> Source material:
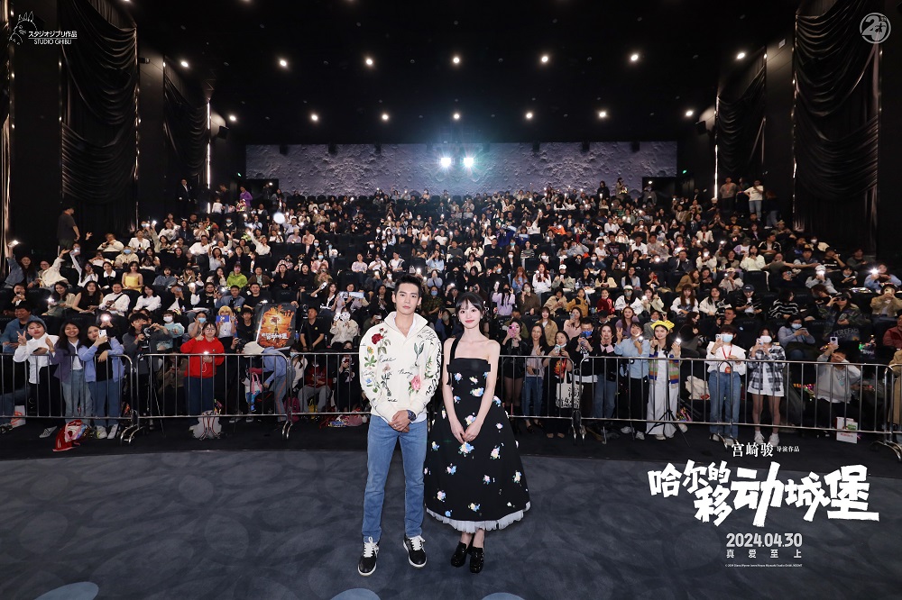 作为影片的中文版配音演员,于适和田曦薇备受关注,现场放映结束后也公开分享了为角色配音的感受。于适表示接到这次配音工作的时候,“有压力的部分是跟角色相关,但既然走进了录音棚就认真做好。”也表达了自己对宫崎骏导演的敬仰,他说“很庆幸有宫崎骏这么棒的艺术家,能够给我们带来这么多经典的作品,这是《哈尔的移动城堡》首次进入内地院线上映。人间最美四月天,现在正好是四月,是一个美好的季节,希望大家能够走进影院欣赏一下宫崎骏老师的作品。”也和大家分享了哈尔最吸引自己的地方,是他身上“展现出来的天真孩子气的那一面,他很酷很拽,但是又有这种孩子气,天真无邪的样子”。
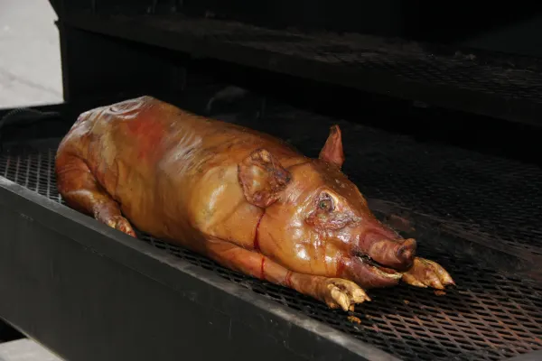 We cook on site at your location. We have a licienced and inspected food service facility where we make our home made BBQ Sauce, Beans, Red Potato Salad and others.
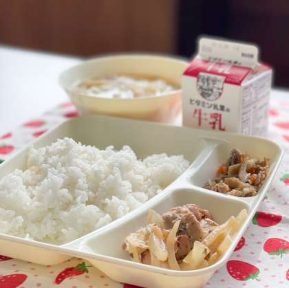 今日の献立は、鶏肉の梅風味焼き、うすくず汁、きんぴらごぼう、ごはん、牛乳です。

> Exercise requirements: Please retype the listing above word for word, skipping each picture.

> Response box:
 作为影片的中文版配音演员,于适和田曦薇备受关注,现场放映结束后也公开分享了为角色配音的感受。于适表示接到这次配音工作的时候,“有压力的部分是跟角色相关,但既然走进了录音棚就认真做好。”也表达了自己对宫崎骏导演的敬仰,他说“很庆幸有宫崎骏这么棒的艺术家,能够给我们带来这么多经典的作品,这是《哈尔的移动城堡》首次进入内地院线上映。人间最美四月天,现在正好是四月,是一个美好的季节,希望大家能够走进影院欣赏一下宫崎骏老师的作品。”也和大家分享了哈尔最吸引自己的地方,是他身上“展现出来的天真孩子气的那一面,他很酷很拽,但是又有这种孩子气,天真无邪的样子”。
 We cook on site at your location. We have a licienced and inspected food service facility where we make our home made BBQ Sauce, Beans, Red Potato Salad and others.
 今日の献立は、鶏肉の梅風味焼き、うすくず汁、きんぴらごぼう、ごはん、牛乳です。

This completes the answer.